## Data provided
*** Block opens ***

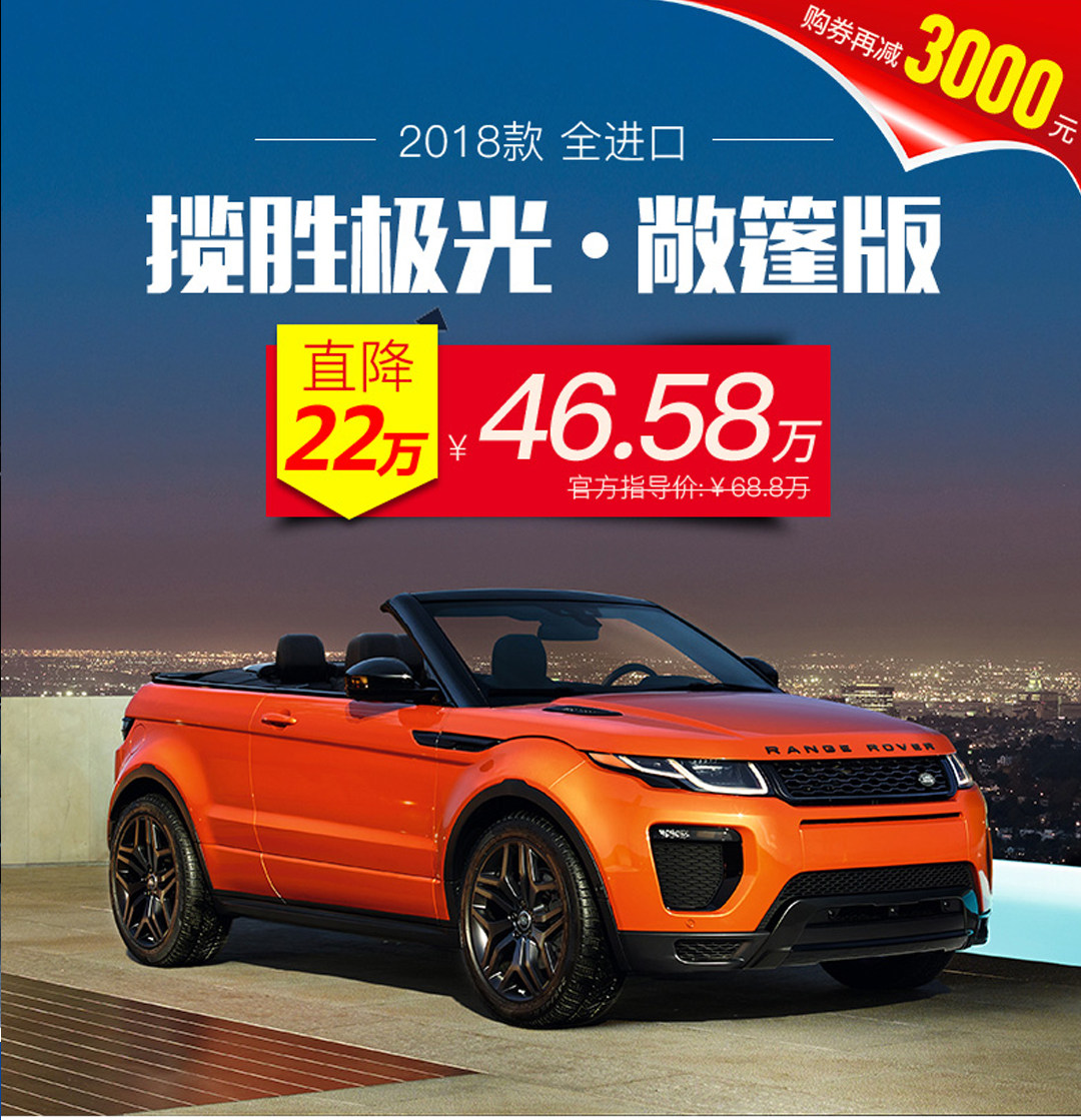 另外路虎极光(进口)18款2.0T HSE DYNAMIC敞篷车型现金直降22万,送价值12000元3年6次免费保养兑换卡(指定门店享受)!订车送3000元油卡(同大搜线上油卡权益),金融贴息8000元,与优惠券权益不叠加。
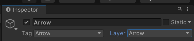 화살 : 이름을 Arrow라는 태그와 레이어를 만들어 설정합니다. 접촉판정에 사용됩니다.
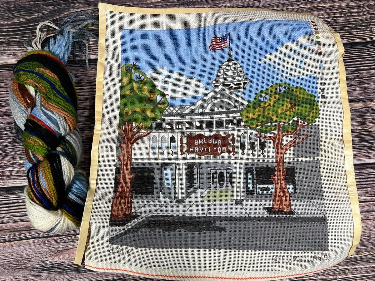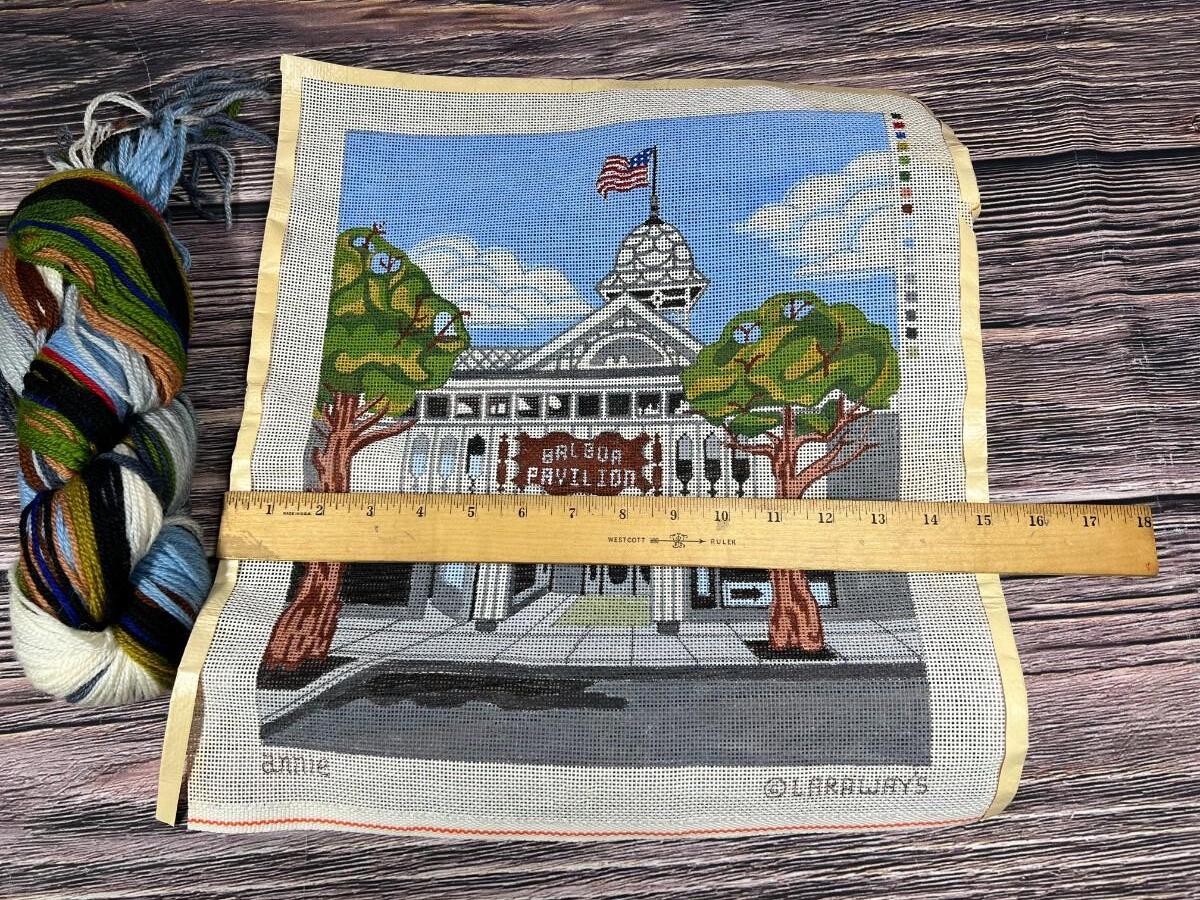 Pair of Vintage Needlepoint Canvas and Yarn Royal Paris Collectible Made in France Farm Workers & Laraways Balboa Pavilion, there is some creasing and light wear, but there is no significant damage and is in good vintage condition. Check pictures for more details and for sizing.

*** Block closes ***

## Problem details
Output the span from the line with "화살 : 이름을 Arrow라는" through the last line of the data, inclusive and exact, and omit every picture.

## Response
 화살 : 이름을 Arrow라는 태그와 레이어를 만들어 설정합니다. 접촉판정에 사용됩니다.
 Pair of Vintage Needlepoint Canvas and Yarn Royal Paris Collectible Made in France Farm Workers & Laraways Balboa Pavilion, there is some creasing and light wear, but there is no significant damage and is in good vintage condition. Check pictures for more details and for sizing.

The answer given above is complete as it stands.